**DATASET EXTRACT**
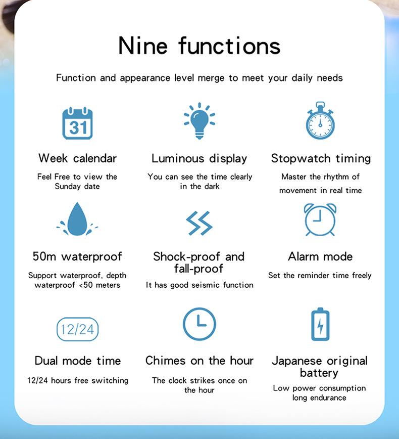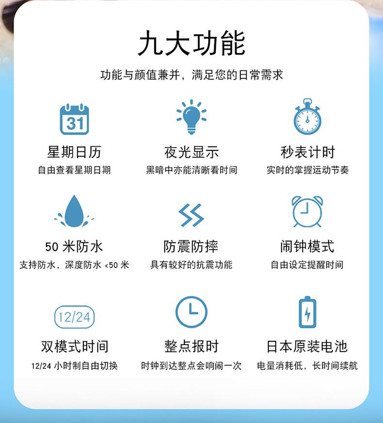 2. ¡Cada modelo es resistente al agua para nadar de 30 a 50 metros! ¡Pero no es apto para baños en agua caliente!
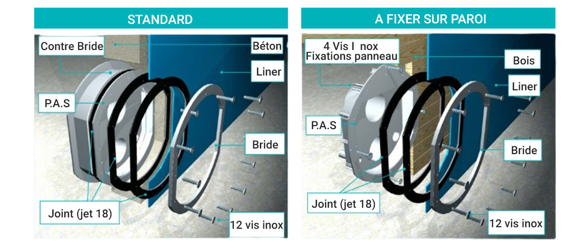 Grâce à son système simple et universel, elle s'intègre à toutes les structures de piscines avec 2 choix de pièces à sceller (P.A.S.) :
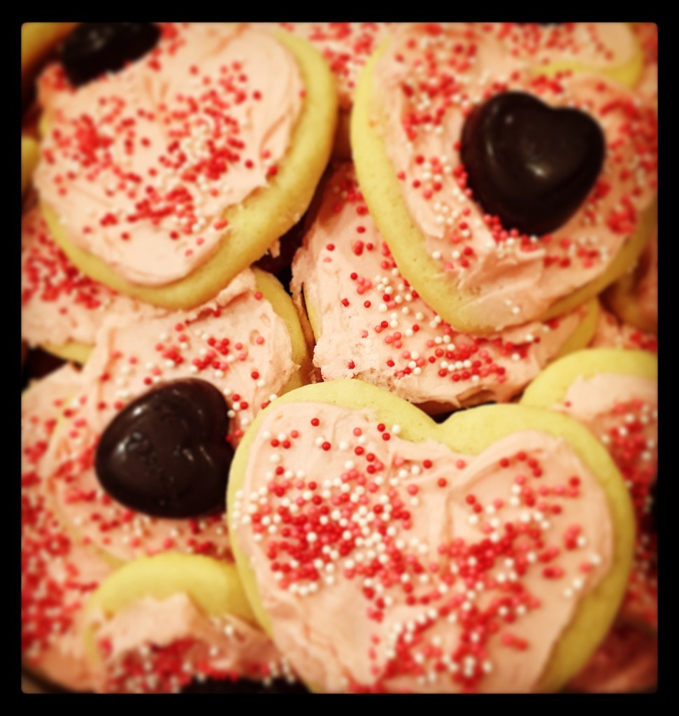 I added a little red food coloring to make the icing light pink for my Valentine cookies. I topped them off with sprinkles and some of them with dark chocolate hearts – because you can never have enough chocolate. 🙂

**TASK PROMPT**
The whole listing should be transcribed exactly, though its pictures must be left out.

**TASK RESPONSE**
 2. ¡Cada modelo es resistente al agua para nadar de 30 a 50 metros! ¡Pero no es apto para baños en agua caliente!
 Grâce à son système simple et universel, elle s'intègre à toutes les structures de piscines avec 2 choix de pièces à sceller (P.A.S.) :
 I added a little red food coloring to make the icing light pink for my Valentine cookies. I topped them off with sprinkles and some of them with dark chocolate hearts – because you can never have enough chocolate. 🙂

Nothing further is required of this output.